- French poster
- Directed by: Eva Ionesco
- Written by: Eva Ionesco Marc Cholodenko Philippe Le Guay
- Produced by: François-Xavier Frantz
- Starring: Isabelle Huppert
- Cinematography: Jeanne Lapoirie
- Edited by: Laurence Briaud
- Music by: Bertrand Burgalat
- Production companies: Les Productions Bagheera Canal + France 2
- Distributed by: Sophie Dulac Distribution
- Release dates: 17 May 2011 (Cannes); 29 June 2011;
- Running time: 105 minutes
- Countries: France Romania
- Languages: French English Romanian
- Budget: $3.4 million
- Box office: $136.555

= My Little Princess =

My Little Princess is a 2011 drama film directed by Eva Ionesco and inspired by her relationship with her mother, the well-known artistic photographer Irina Ionesco whose pictures of her young daughter caused controversy when they were published in the 1970s.

==Plot==
12-year-old Violetta is raised by her loving grandmother ("Mamie", the French equivalent of "Grandma") in 1970s Paris. Her volatile mother, Hanna has abandoned the family to pursue a career in photography and visits infrequently. During one of these visits, she invites Violetta to her apartment and asks her to model for her photographs, finding her to be a natural talent at modeling. She begins to dress Violetta in gaudy dresses and introduces her to Hanna's lover, painter Ernst, who finances her career. She starts exploiting her daughter who by transforming into a kind of Lolita becomes increasingly alienated from other children of her age. At school she is eventually frequently insulted and rejected. Then Mamie dies and Hanna's photographs are about to unequivocally overstep the line of acceptability. Hanna even coerces Violetta mercilessly into cooperation by withholding her food in case she doesn't agree to pose for increasingly daring photographs. Eventually Hanna's right of custody for her twelve-year-old daughter is at stake.

== Cast ==
- Isabelle Huppert as Hanna Giurgiu
- Anamaria Vartolomei as Violetta Giurgiu
- Denis Lavant as Ernst
- Louis-Do de Lencquesaing as Antoine Dupuis
- Georgetta Leahu as Mamie
- Jethro Cave as Updike
- Pascal Bongard as Jean
- Anne Benoît as Madame Chenus
- Johanna Degris-Agogue as Apolline
- Déborah Révy as Nadia
- Lou Lesage as Rose
- Nicolas Maury as Louis
- Pauline Jacquart as Fifi

==Reception==
German magazine Focus found Anamaria Vartolomei was convincing as a young girl whose life eventually turns into a nightmare because of her mother's artistic ambitions in 1970s Paris.

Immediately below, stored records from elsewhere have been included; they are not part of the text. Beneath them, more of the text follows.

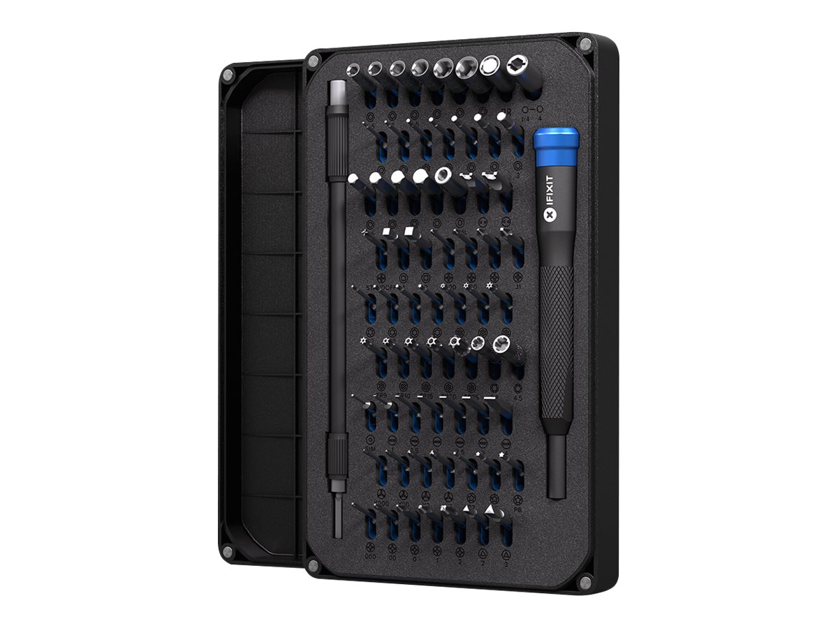 | Pakkeindhold | 6 åbningshakker, antistatisk håndledsrem, metal-spudger, hellebard-spudger, spudger, håndtag til skruetrækker, Jimmy-åbningsværktøj, fleksibelt forlængerskaft, omvendt pincet, bøjet pincet, stump pincet, 3 åbningsværktøjer, sugekop, 5 skruetrækkerbit - stjerne PH000, PH00, PH0, PH1, PH2, 6 skruetrækkerbits - slot 1, 1,5, 2, 2,5, 3, 4 mm, 4 skruetrækkerbits - torx T2, T3, T4, T5, 8 skruetrækkerbits - manipulationssikker torx T6, T7, T8, T9, T10, T15, T20, T25, 3 skruetrækkerbits - pentalobe P2. P |
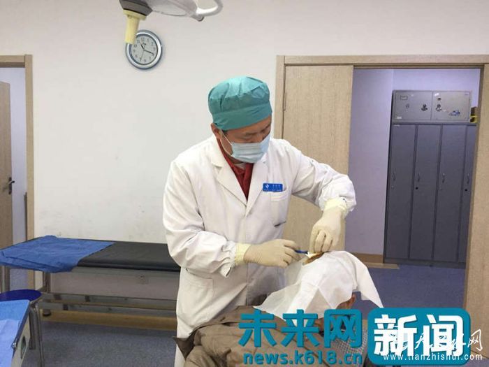 76岁的老先生头部蹭破了皮,在接受清创缝合术。(受访者供图)
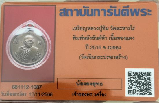 หลวงปู่ทิม วัดละหารไร่ ปี 2516 ออกวัดเนินกระปรอก พร้อมบัตรรับรองพระแท้
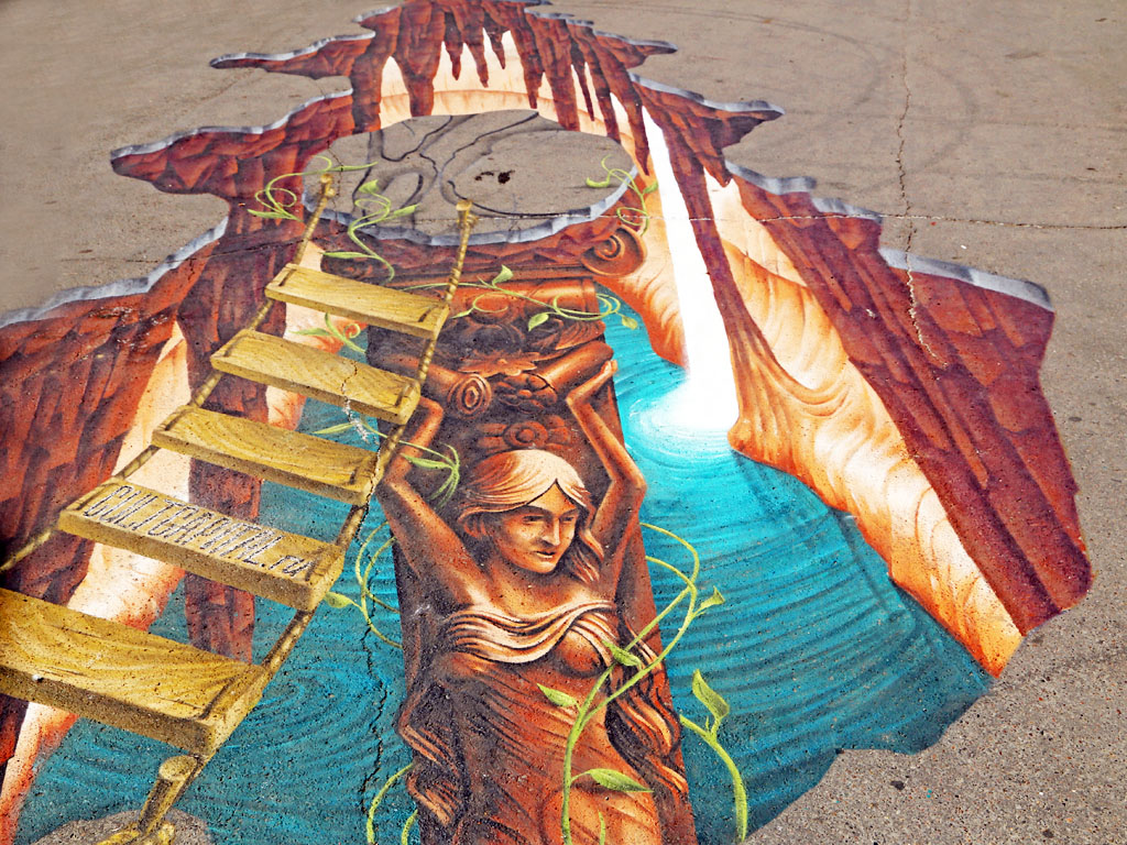 На площади в 40 кв. метров художник изобразил провал — окруженные скалами море и выходящий из воды столб. От края асфальта к этому столбу тянется нарисованная веревочная лестница. Под определенным углом (место обозначено) картина словно оживает, выступают скалы, лестница выглядит настоящей.

Painful personal experience is distilled into poignant drama in Eva Ionesco’s promising first feature My Little Princess. Autobiographical events from the 1970s are shaped into a fairytale-like narrative illuminating the abusive nature of Ionesco’s relationship with her mother Irina and eternal arguments over the limits of artistic freedom.
— Allan Hunter – Screen Daily

Critics also commented that Anamaria Vartolomei and Isabelle Huppert have portrayed the lack of affection so convincingly that they have even been accused of interacting insufficiently as actors. Regarding this, Huppert told German newspaper Frankfurter Allgemeine Zeitung in an interview that shooting of the film had been one of her more peculiar professional experiences because on the set she had had the feeling she was indeed the director's mother.